There's a pattern every engineer recognises. A stakeholder comes in confident: "it's simple, I know exactly how it should work." And on the surface, it is simple. But the moment you start building, the gaps appear. What happens when the user has two accounts? What does "current" mean when the time zone changes? These aren't edge cases, they're the domain, and they only reveal themselves under the pressure of implementation. This is the engineering. Not the code, the thinking. The code is just what's left behind when the thinking is done. Coding agents don't help here, if anything they let you paper over the gaps faster.

Review is still necessary. The question is what good review looks like when the code wasn't written by a human. Reading git diffs was always a blunt instrument, but we tolerated it because the human who wrote the code had already done the hard cognitive work; the diff was just a record of their thinking. When an AI writes the code, that thinking never happened on the human side. The diff is all there is, and it tells you surprisingly little about whether the system now behaves correctly.
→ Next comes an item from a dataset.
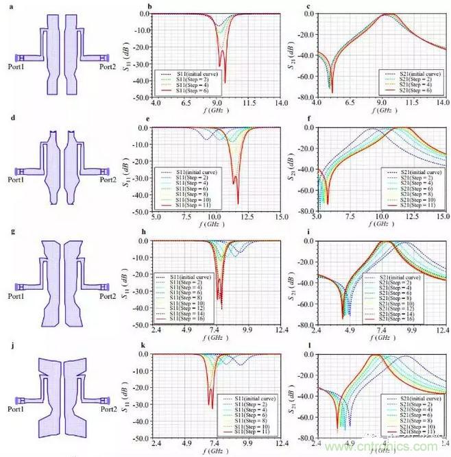 第二項任務(wù)和第三項任務(wù)的AI首先學(xué)會調(diào)整諧振器的長度,以達到移動中心頻率的目的,然后調(diào)整諧振器之間的耦合系數(shù),以減少通帶回波損耗,增加插入損耗,其設(shè)計過程如圖3(d-i)所示。

diff + const r = await db.query(`SELECT * FROM orders o LEFT JOIN users u ON + u.id = o.user_id LEFT JOIN products p ON p.id = o.product_id WHERE + o.status NOT IN ('cancelled','refunded') AND (u.flags & 0x4) = 0 + AND p.region = $1 GROUP BY o.id, u.id HAVING sum(o.qty * p.price) + > $2 ORDER BY o.created_at DESC`, [ctx.region, threshold]) + if (r.rows.length) await notify(r.rows.map(x => transform(x, opts)))

LGTM

Engineers don't think in text files. We build mental models of flows, of state, of how components talk to each other. Maybe the right review primitive isn't a diff at all. Sequence diagrams, visual system maps, behaviour traces -- tools that show you what the system does rather than what the code says. This feels like an open problem the industry hasn't seriously tackled yet, and I suspect whoever cracks it will matter more to the future of AI-assisted engineering than whatever coding agent is flavour of the month.

Left of dev

So, if the AI has freed up time, what's it freed for? I think, given the cognitive burden, perhaps churning out more stories per day is not the right approach. How about the engineers focus on making stories valuable in the first place. The stuff that happens "left of dev". Sitting with users and watching them use your product, taking part in research, spending more time with stakeholders and so on.

Perhaps the real unlock of AI isn't this "10x" thing, it's that engineers finally have time to deeply understand what they're building, and why. That may result in some real productivity gains, more valuable stories gained from deeper insights; and it helps the people working on these systems feel more comfortable with the accountability on their shoulders.